Quite often if the tumour is not malignant and contains fluid, it is punctured to collapse it into a smaller size. If it is solid, it can be cut into smaller pieces inside the abdomen using a special instrument. The collapsed or cut structures can be removed gently through the 1 cm cut on the abdomen which may be increased a bit if required. After hysterectomy, the uterus can be removed easily from below, through the vagina.
Q5. Will there be much pain or discomfort after Laparoscopic Surgery?
There may be some pain and discomfort in lower abdomen for one day to few days after Laparoscopic surgery but this is much less as compared to open surgery because the incisions on the abdomen are much smaller and there is much less tissue handling inside the abdomen by fine instruments instead of rough, big, gloved hands which can cause tissue injury in open surgery. There may be some pain in the shoulder following laparoscopy. This is not serious and is due to the gas used in the surgery to make space for instruments.
Q6. When can I be discharged from hospital?
Following Diagnostic Laparoscopy or with simple Operative Laparoscopy you can expect to be discharged from hospital latest by the morning after surgery. In most other cases of intermediate or even major surgery, discharge is generally 1-2 days following the surgery unless there is some health issues prior to the surgery or any complication during the surgery. The complication rates for Laparoscopic surgery are not more than for open surgery and depend upon patient factors like anaemia, diabetes, obesity and skill of the surgeon.
Q7. When can I perform routine household activities or return to work after Laparoscopic Surgery?

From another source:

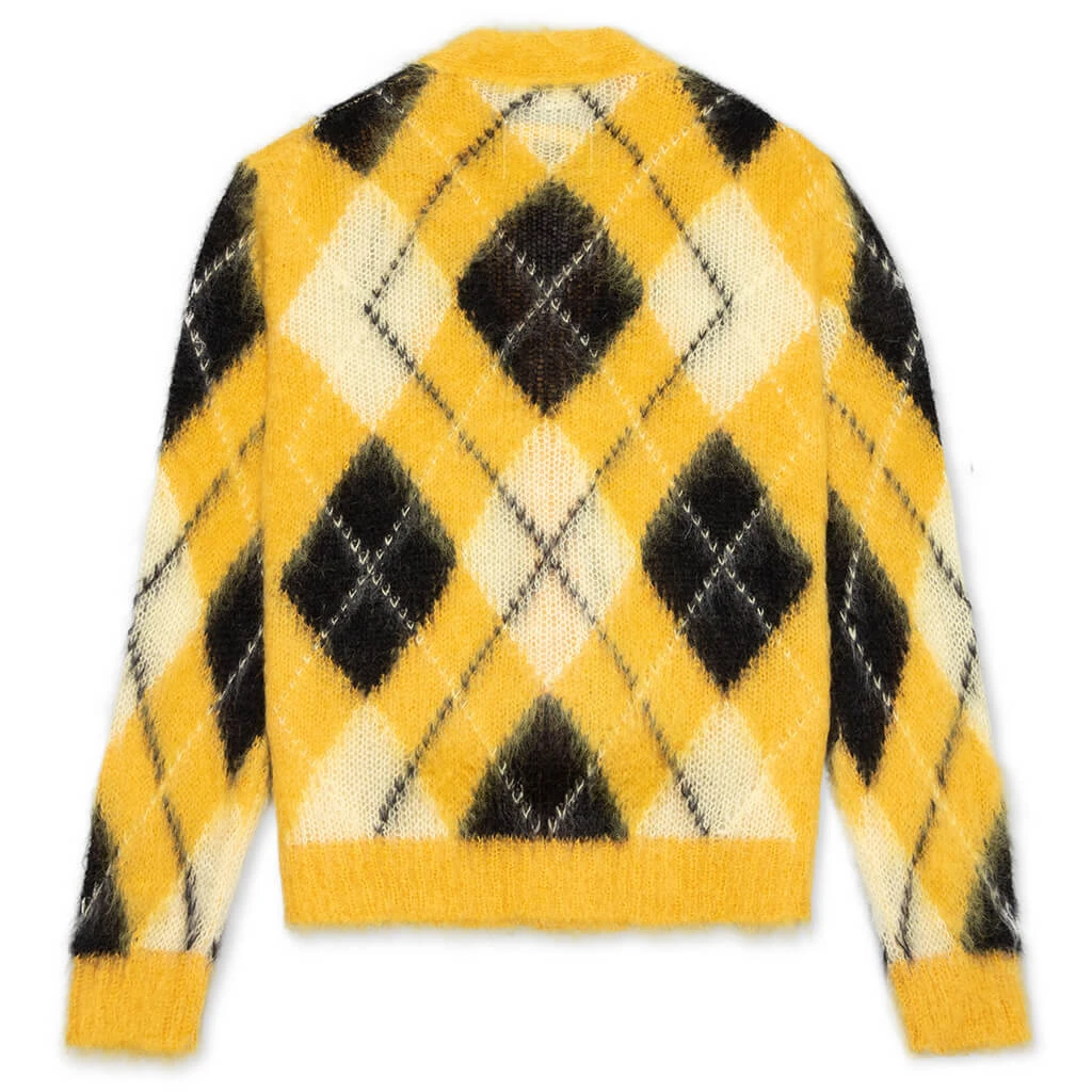 Italian high-end label Marni introduces the Brushed Wool Blend Cardigan. Crafted from authentic mohair, the design features a long-sleeved cardigan silhouette with a v-neck collar and a contrasting front button closure. An all-over argyle pattern is placed throughout, while rib-knit detailing at the cuffs and hem tie together the overall elevated silhouette.

Recovery after surgery depends upon many factors: presence of health problems before surgery; why the surgery is required; what surgery is being done; problems or complications of surgery, anaesthesia or blood transfusions. If all is well, one can perform routine household activities by 1 week, provided one doesn't feel tired. Although there may not be any harm, it may be unwise to be normally active within 48 hours of procedure. Following Diagnostic Laparoscopy or Operative Laparoscopy for simple procedures, one can return to work in 1 week. For other procedures, a 2-3 week off from work is reasonable. It depends on the type of work you are returning to. Avoid too rapid return to work if it is manually hard or requires standing for long durations of time. Sometimes a surgical procedure brings on a well needed rest and break from a lifetime of work. Mostly, when you return to work depends upon your own body and its signals of tiredness. You need to listen to those signals.